TASK GOAL =>
Please output every line of the material as it stands, without the pictures.

THE DATA =>
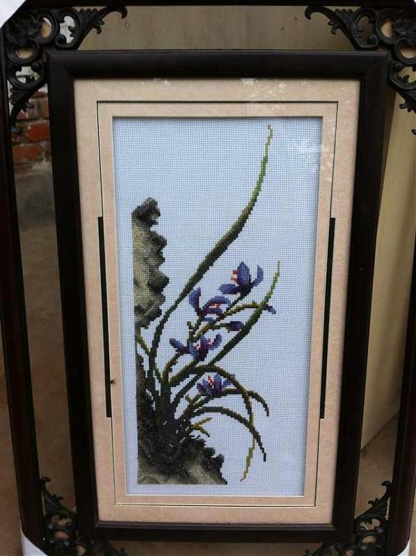 全新的十字绣,还带有框架边,手工非常精致,52厘米长,30厘米宽。
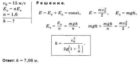 Тело брошено вертикально вверх со скоростью v0 = 15 м/с. Определите, на какой высоте h потенциальная энергия тела в п = 1,6 раза больше кинетической. Сопротивление воздуха не учитывать
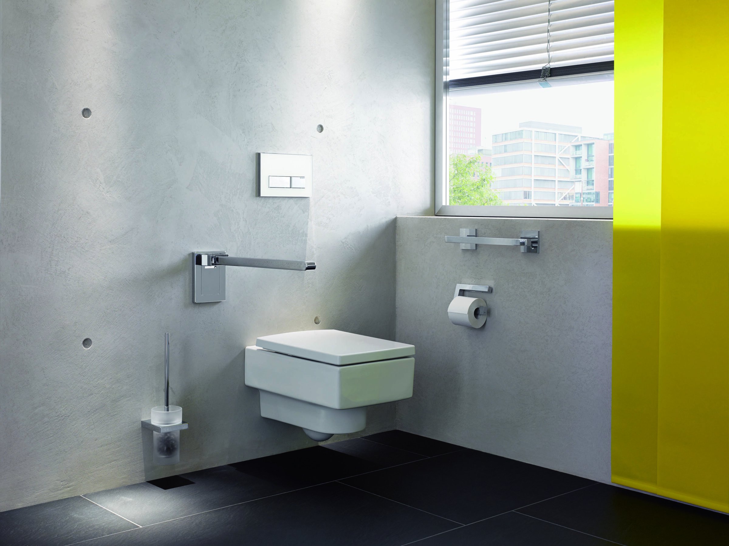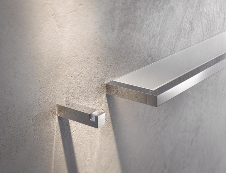 Systeem 100 is doordacht tot in het kleinste detail. Het systeem overtuigt door slimme functies, perfect bedieningscomfort, het gebruik van hoogwaardige materialen en een gereduceerde vormtaal. De losse elementen vormen in combinatie een architectonisch systeem, dat de consequente vormgeving mogelijk maakt van sanitaire ruimten, deuren en gangen geheel volgens de individuele eisen van het concept van het gebouw. De accessoires van systeem 100 zijn in twee verschillende oppervlakken verkrijgbaar. U kunt kiezen uit edel chroom of puristisch wit. De inzetstukken zijn vervaardigd van hoogwaardig, gesatineerd kristalglas.

WRITTEN SOLUTION =>
 全新的十字绣,还带有框架边,手工非常精致,52厘米长,30厘米宽。
 Тело брошено вертикально вверх со скоростью v0 = 15 м/с. Определите, на какой высоте h потенциальная энергия тела в п = 1,6 раза больше кинетической. Сопротивление воздуха не учитывать
 Systeem 100 is doordacht tot in het kleinste detail. Het systeem overtuigt door slimme functies, perfect bedieningscomfort, het gebruik van hoogwaardige materialen en een gereduceerde vormtaal. De losse elementen vormen in combinatie een architectonisch systeem, dat de consequente vormgeving mogelijk maakt van sanitaire ruimten, deuren en gangen geheel volgens de individuele eisen van het concept van het gebouw. De accessoires van systeem 100 zijn in twee verschillende oppervlakken verkrijgbaar. U kunt kiezen uit edel chroom of puristisch wit. De inzetstukken zijn vervaardigd van hoogwaardig, gesatineerd kristalglas.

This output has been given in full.